Passwords and Entropy
This week a YouTube segment has been passed around. It depicts Ed Snowden talking to John Oliver about passwords. A lot of what is said there is quite good - however, it is important to also point out that things are a little bit more intricate than they seem in this segment.
The biggest problem I have with it is actually that Snowden claims to be able to know whether a password is good or not, just be hearing it. Yes, it is easy to recognize extremely bad passwords (like most examples in that segment). However, it is actually not possible to recognize a very good password just from looking at it. This is quite counterintuitive, and it has to do with the fact that the entropy in a password is NOT visible in the output - rather, the entropy in a password is a function of the password creation mechanism. Thus, you can have two passwords that look exactly the same, and one of them has high entropy, and the other has low entropy.
The concept of entropy in password generation is in general something that isn't very well understood still, and most people giving password advice or setting password guidelines actually have terrible intuitions about these things. So how do you know if your password is a good one? Well, if you made any kind of choose during the process - ANY kind of choice - my bet is that it is a low-entropy password.
I use the word entropy a lot in this post - specifically in the information theoritical sense of how much information a given string contains. Entropy applied to passwords can also be looked at in the light of how many guesses an adversary would have to try in order to brute force the password, assuming they know your method. So this is another aspect of Kerckhoffs's principle - you should choose a method that even if it's public will give you a large amount of safety. It's also worth mentioning that there is a limit on the entropy here as well - if your entropy generation method generates more entropy than can be expressed in the language of the password, then the entropy maxes out at the representation entropy, not the generation entropy.
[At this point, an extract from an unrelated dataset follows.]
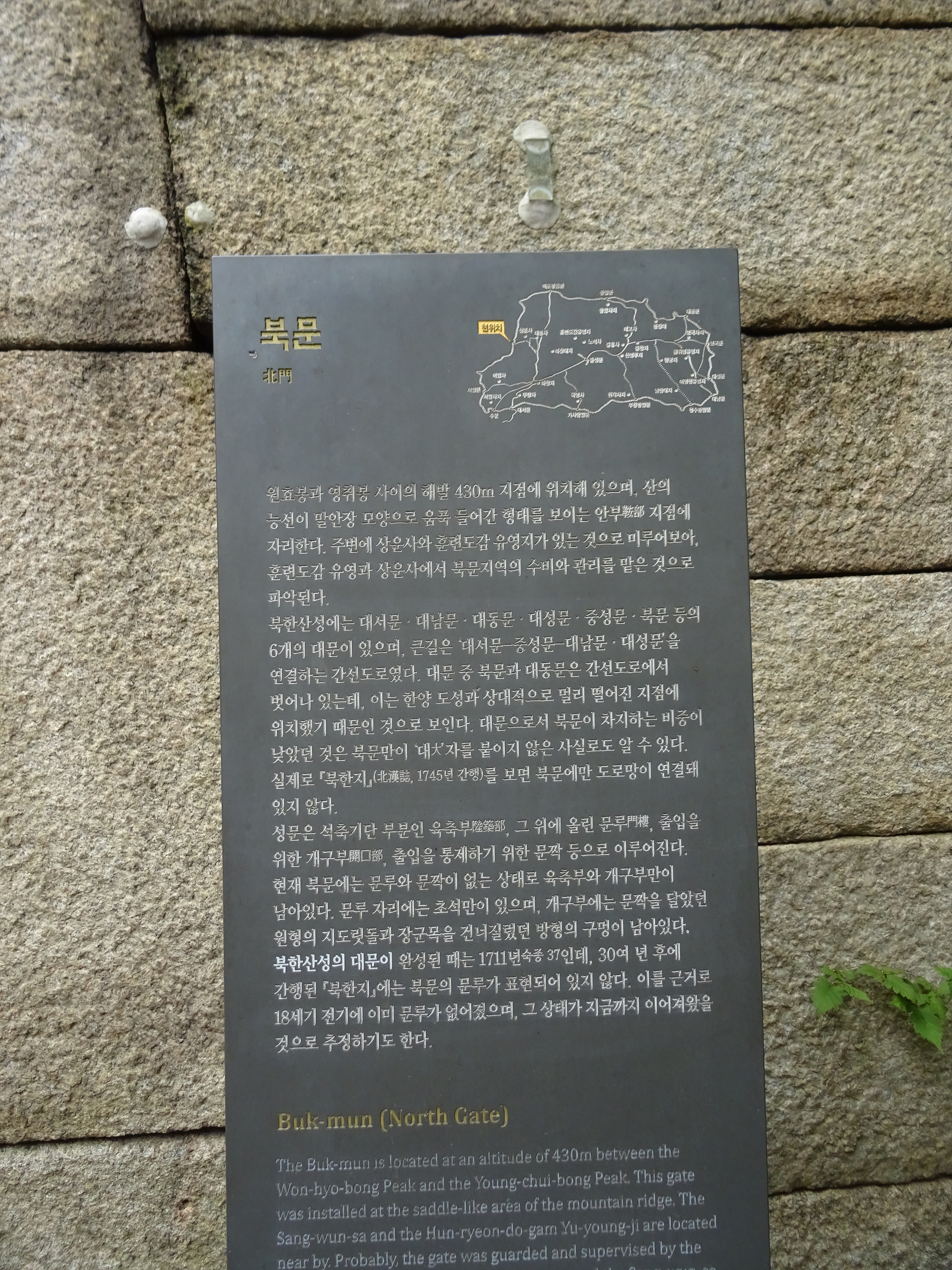 해발 430m의 능선 안부에 있는 북문은, 훈련도감 유영과 상운사에서 북문지역의 수비와 관리를 맡았던 것으로 추정한답니다.

So generating an 8 character password with a process that generates a 1000 bits of entropy is quite useless, because 8 characters can only represent at a maximum 64 bits of entropy (assuming you use all 256 values of each byte).
We can take a look at the passwords given as examples in the show: The first one is "passwerd", and of course this is a terrible password. It's short and it's a permutation of a word in dictionaries. The second one, "onetwothreefour" is longer, but composed of words that belong together, thus not a problem. The third one is "limpbiscuit4eva", and since it is a sentence that contains meaning, even with the misspelling this won't help you.
The two final pass phrases are "admiralalonzoghostpenis420YOLO" and "margaretthatcheris110%SEXY". Both of them are longer, but they do have some sense in them. It is clear that the pieces of it aren't chosen randomly. Thus, these passwords are better than the earlier ones, but not at all as good as they could have been.
When people create passwords they also have a tendency to add special characters and numbers - and maybe change the order of characters or adding upper characters in places. None of these things actually add a lot of entropy, especially since they are usually added in places that are easy to predict. Just go with random words of a sufficient length to give you the security you want. Use lower case letters and don't add weird characters. Just make it a sentence of really random words.